- Born: June 23, 1936 Savona, Italy
- Died: March 13, 2022 (aged 85) Savona, Italy
- Occupation(s): Actor, director
- Years active: 1961–2022

= Mino Bellei =

Italian director and actor (1936–2022)

Mino Bellei (June 26, 1936 – March 13, 2022) was an Italian theatre and film actor and director.

== Career ==

Born in Savona in 1936, he graduated from the Accademia d'Arte Drammatica in 1959, and began as a stage actor in pièce by Pirandello, Molière and Shakespeare; critics counted him among the most promising and outstanding talents of these years. In the 1960s he also devoted himself to theater directing. His comedy "Life is not a film of Doris Day" was a great success.

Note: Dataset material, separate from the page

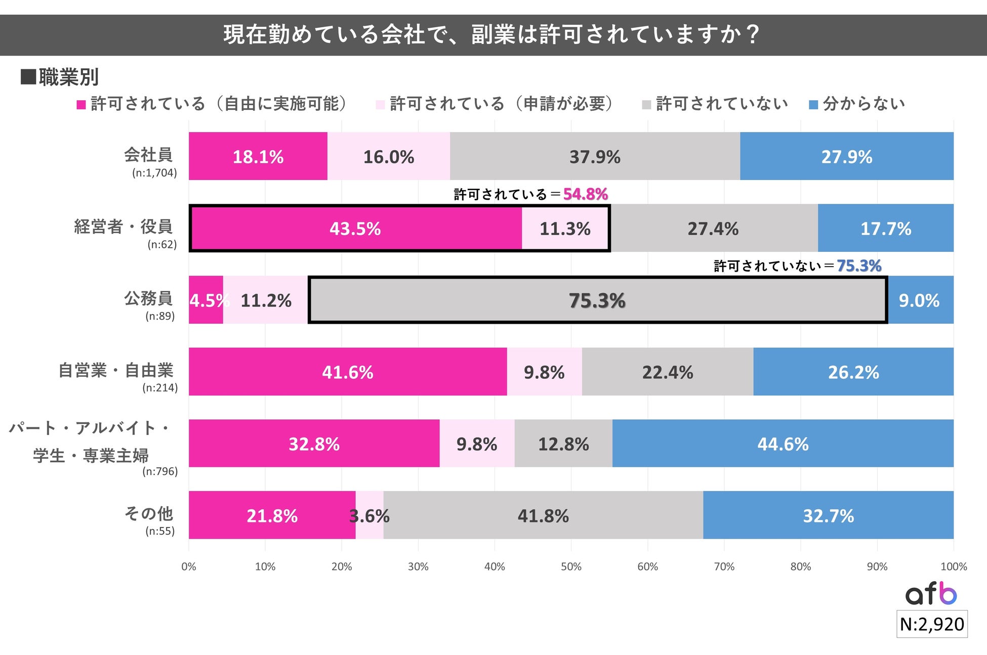 一方、「公務員」は「許可されていない」と回答した方が多く、75.3%となりました。

Only occasionally he took roles in film and television. In 1979 he directed the film Bionda fragola (Strawberry blonde) from his own screenplay. Despite good reviews and financial success, it was his only film as director.

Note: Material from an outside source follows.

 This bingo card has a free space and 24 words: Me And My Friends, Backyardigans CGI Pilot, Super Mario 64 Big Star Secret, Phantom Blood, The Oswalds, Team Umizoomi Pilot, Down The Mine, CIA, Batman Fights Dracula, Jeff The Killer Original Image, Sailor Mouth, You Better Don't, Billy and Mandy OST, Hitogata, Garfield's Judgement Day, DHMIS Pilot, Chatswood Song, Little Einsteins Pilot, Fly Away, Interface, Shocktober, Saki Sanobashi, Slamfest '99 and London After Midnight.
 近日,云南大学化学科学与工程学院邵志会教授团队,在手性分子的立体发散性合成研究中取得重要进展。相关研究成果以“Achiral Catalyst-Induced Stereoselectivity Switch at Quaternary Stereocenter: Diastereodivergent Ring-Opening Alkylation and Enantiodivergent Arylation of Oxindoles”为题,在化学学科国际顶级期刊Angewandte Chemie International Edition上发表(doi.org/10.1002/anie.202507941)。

==Filmography (selection)==
- 1965: The Mandrake, dir. Alberto Lattuada
- 1966: Francesco di Assisi, dir. Liliana Cavani
- 1978: Melodrammore, dir. Maurizio Costanzo
- 1980: Bionda fragola, dir. Mino Bellei
- 1988: Topo Galileo, dir. Francesco Laudadio
- 1989: Un uomo di razza, dir. Bruno Rosia
- 1999: Tea with Mussolini, dir. Franco Zeffirelli
- 2002: Pinocchio, dir. Roberto Benigni

== Theatre (selection) ==
- In the Jungle of Cities, of Bertolt Brecht, dir. Antonio Calenda, Rome, 1968.
- La vita non è un film di Doris Day, dir Mino Bellei, Rome, 1989.